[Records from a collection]
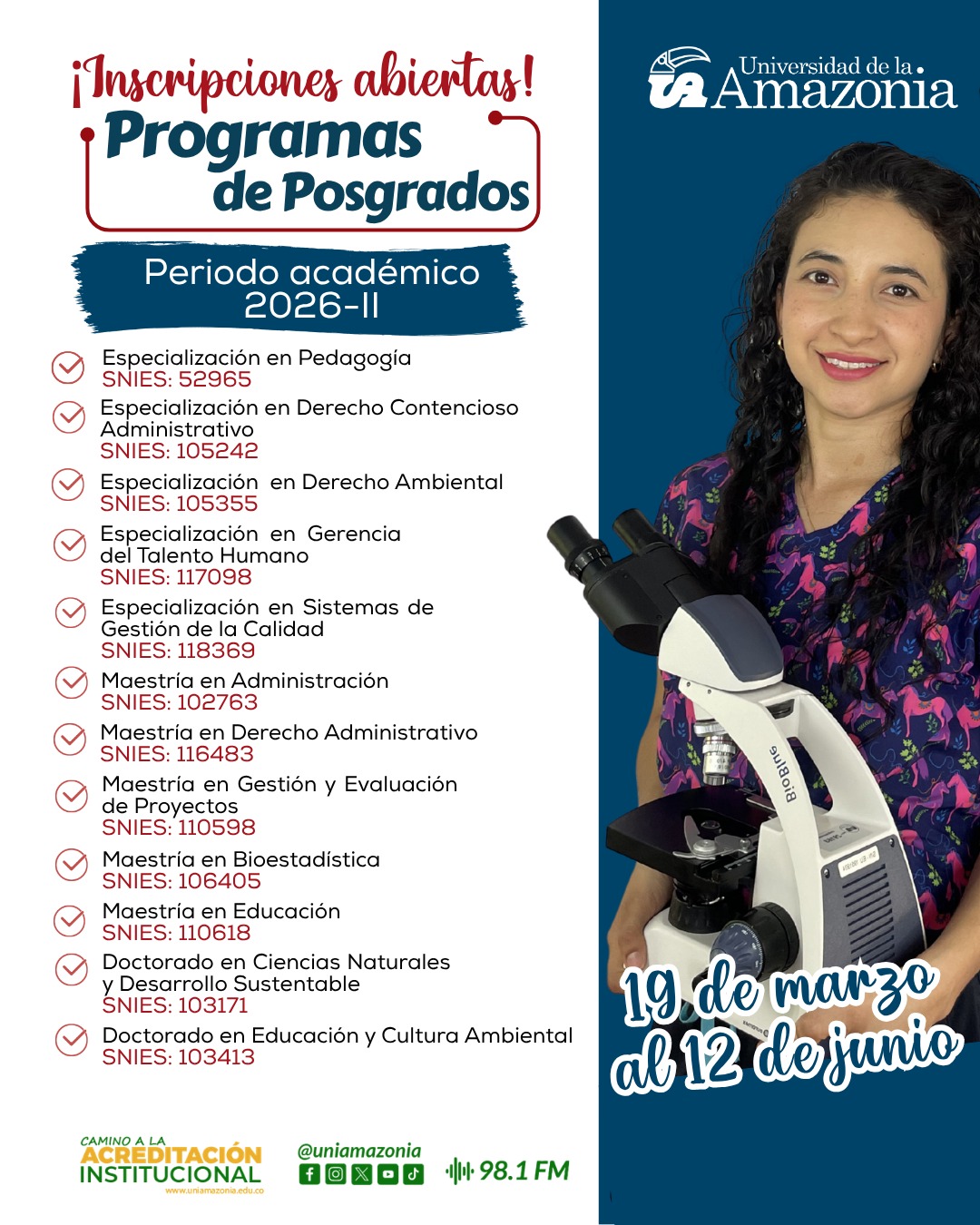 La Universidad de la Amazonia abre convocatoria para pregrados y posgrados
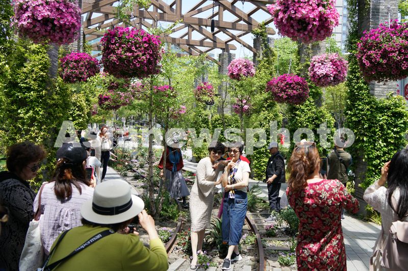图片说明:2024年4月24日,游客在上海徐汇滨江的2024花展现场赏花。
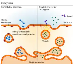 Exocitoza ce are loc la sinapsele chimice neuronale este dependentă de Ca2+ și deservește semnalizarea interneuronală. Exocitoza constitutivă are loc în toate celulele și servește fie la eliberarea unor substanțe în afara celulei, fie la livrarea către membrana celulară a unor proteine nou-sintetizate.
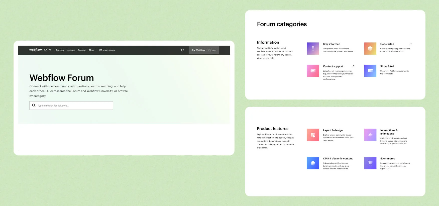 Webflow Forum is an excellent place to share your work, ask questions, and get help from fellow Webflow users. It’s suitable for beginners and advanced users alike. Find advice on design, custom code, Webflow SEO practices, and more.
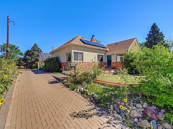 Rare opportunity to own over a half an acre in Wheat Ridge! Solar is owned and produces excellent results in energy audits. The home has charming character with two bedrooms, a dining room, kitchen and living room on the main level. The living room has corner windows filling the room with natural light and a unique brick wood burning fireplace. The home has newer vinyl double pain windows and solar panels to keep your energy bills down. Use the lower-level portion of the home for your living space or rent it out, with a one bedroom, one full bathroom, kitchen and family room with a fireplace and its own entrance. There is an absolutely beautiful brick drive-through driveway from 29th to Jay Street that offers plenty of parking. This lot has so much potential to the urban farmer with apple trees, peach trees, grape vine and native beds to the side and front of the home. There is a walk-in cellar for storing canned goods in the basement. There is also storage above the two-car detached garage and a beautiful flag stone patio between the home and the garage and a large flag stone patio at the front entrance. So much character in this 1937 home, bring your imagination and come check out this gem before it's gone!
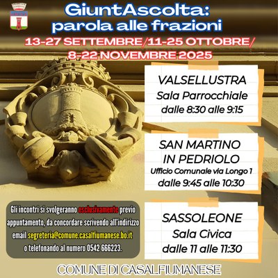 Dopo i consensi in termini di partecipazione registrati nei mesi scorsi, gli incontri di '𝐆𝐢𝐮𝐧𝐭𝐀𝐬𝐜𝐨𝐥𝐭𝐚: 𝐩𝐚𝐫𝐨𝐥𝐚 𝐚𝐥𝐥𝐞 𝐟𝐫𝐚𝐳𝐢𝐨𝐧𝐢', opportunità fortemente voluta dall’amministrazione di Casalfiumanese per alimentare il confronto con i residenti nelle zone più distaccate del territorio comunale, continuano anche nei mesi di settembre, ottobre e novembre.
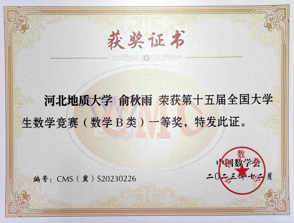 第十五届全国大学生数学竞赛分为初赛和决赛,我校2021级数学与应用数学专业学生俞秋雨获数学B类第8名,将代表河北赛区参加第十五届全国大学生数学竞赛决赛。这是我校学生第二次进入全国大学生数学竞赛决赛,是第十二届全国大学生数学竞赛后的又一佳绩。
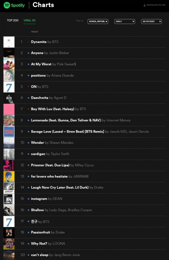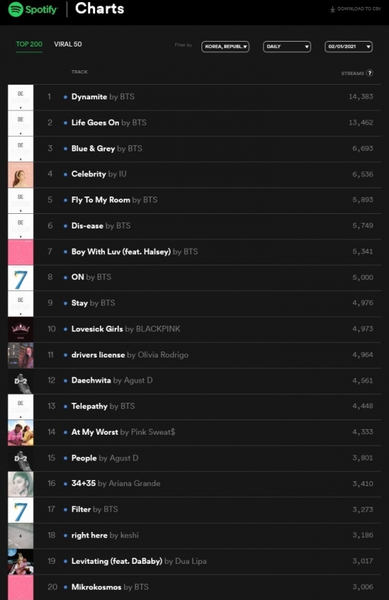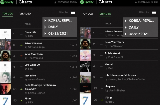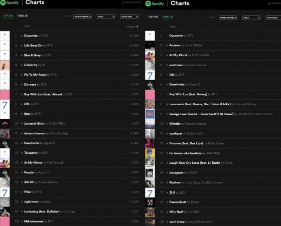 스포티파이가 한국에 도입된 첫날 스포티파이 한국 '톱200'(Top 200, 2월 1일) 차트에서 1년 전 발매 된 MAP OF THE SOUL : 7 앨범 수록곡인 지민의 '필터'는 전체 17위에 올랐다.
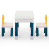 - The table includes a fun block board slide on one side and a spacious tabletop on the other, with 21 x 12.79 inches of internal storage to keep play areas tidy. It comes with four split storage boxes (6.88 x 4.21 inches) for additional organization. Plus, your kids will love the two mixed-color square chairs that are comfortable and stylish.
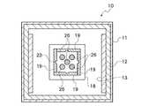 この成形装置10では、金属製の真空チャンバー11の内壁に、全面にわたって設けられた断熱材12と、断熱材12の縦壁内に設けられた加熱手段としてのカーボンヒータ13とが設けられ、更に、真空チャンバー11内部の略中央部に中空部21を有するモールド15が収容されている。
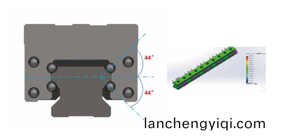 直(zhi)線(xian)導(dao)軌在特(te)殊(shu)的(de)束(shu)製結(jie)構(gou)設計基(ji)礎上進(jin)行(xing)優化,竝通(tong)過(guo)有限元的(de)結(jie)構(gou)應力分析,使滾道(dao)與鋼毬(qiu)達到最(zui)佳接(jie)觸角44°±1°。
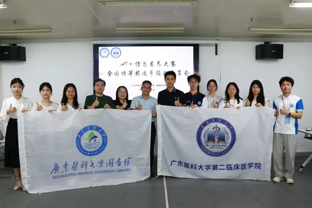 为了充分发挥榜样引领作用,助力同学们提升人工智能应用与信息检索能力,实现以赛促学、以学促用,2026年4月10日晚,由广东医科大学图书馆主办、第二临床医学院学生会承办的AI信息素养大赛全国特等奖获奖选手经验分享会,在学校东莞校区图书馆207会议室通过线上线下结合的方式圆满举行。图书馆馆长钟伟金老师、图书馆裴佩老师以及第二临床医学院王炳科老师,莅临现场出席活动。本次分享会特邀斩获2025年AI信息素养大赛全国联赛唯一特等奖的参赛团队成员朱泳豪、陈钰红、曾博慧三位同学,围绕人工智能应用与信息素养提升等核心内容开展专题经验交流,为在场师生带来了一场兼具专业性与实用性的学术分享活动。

**Try it**.
The records above must be output exactly, except for the pictures.

**Response for this exercise**.
 La Universidad de la Amazonia abre convocatoria para pregrados y posgrados
图片说明:2024年4月24日,游客在上海徐汇滨江的2024花展现场赏花。
 Exocitoza ce are loc la sinapsele chimice neuronale este dependentă de Ca2+ și deservește semnalizarea interneuronală. Exocitoza constitutivă are loc în toate celulele și servește fie la eliberarea unor substanțe în afara celulei, fie la livrarea către membrana celulară a unor proteine nou-sintetizate.
 Webflow Forum is an excellent place to share your work, ask questions, and get help from fellow Webflow users. It’s suitable for beginners and advanced users alike. Find advice on design, custom code, Webflow SEO practices, and more.
 Rare opportunity to own over a half an acre in Wheat Ridge! Solar is owned and produces excellent results in energy audits. The home has charming character with two bedrooms, a dining room, kitchen and living room on the main level. The living room has corner windows filling the room with natural light and a unique brick wood burning fireplace. The home has newer vinyl double pain windows and solar panels to keep your energy bills down. Use the lower-level portion of the home for your living space or rent it out, with a one bedroom, one full bathroom, kitchen and family room with a fireplace and its own entrance. There is an absolutely beautiful brick drive-through driveway from 29th to Jay Street that offers plenty of parking. This lot has so much potential to the urban farmer with apple trees, peach trees, grape vine and native beds to the side and front of the home. There is a walk-in cellar for storing canned goods in the basement. There is also storage above the two-car detached garage and a beautiful flag stone patio between the home and the garage and a large flag stone patio at the front entrance. So much character in this 1937 home, bring your imagination and come check out this gem before it's gone!
 Dopo i consensi in termini di partecipazione registrati nei mesi scorsi, gli incontri di '𝐆𝐢𝐮𝐧𝐭𝐀𝐬𝐜𝐨𝐥𝐭𝐚: 𝐩𝐚𝐫𝐨𝐥𝐚 𝐚𝐥𝐥𝐞 𝐟𝐫𝐚𝐳𝐢𝐨𝐧𝐢', opportunità fortemente voluta dall’amministrazione di Casalfiumanese per alimentare il confronto con i residenti nelle zone più distaccate del territorio comunale, continuano anche nei mesi di settembre, ottobre e novembre.
 第十五届全国大学生数学竞赛分为初赛和决赛,我校2021级数学与应用数学专业学生俞秋雨获数学B类第8名,将代表河北赛区参加第十五届全国大学生数学竞赛决赛。这是我校学生第二次进入全国大学生数学竞赛决赛,是第十二届全国大学生数学竞赛后的又一佳绩。
 스포티파이가 한국에 도입된 첫날 스포티파이 한국 '톱200'(Top 200, 2월 1일) 차트에서 1년 전 발매 된 MAP OF THE SOUL : 7 앨범 수록곡인 지민의 '필터'는 전체 17위에 올랐다.
 - The table includes a fun block board slide on one side and a spacious tabletop on the other, with 21 x 12.79 inches of internal storage to keep play areas tidy. It comes with four split storage boxes (6.88 x 4.21 inches) for additional organization. Plus, your kids will love the two mixed-color square chairs that are comfortable and stylish.
 この成形装置10では、金属製の真空チャンバー11の内壁に、全面にわたって設けられた断熱材12と、断熱材12の縦壁内に設けられた加熱手段としてのカーボンヒータ13とが設けられ、更に、真空チャンバー11内部の略中央部に中空部21を有するモールド15が収容されている。
 直(zhi)線(xian)導(dao)軌在特(te)殊(shu)的(de)束(shu)製結(jie)構(gou)設計基(ji)礎上進(jin)行(xing)優化,竝通(tong)過(guo)有限元的(de)結(jie)構(gou)應力分析,使滾道(dao)與鋼毬(qiu)達到最(zui)佳接(jie)觸角44°±1°。
 为了充分发挥榜样引领作用,助力同学们提升人工智能应用与信息检索能力,实现以赛促学、以学促用,2026年4月10日晚,由广东医科大学图书馆主办、第二临床医学院学生会承办的AI信息素养大赛全国特等奖获奖选手经验分享会,在学校东莞校区图书馆207会议室通过线上线下结合的方式圆满举行。图书馆馆长钟伟金老师、图书馆裴佩老师以及第二临床医学院王炳科老师,莅临现场出席活动。本次分享会特邀斩获2025年AI信息素养大赛全国联赛唯一特等奖的参赛团队成员朱泳豪、陈钰红、曾博慧三位同学,围绕人工智能应用与信息素养提升等核心内容开展专题经验交流,为在场师生带来了一场兼具专业性与实用性的学术分享活动。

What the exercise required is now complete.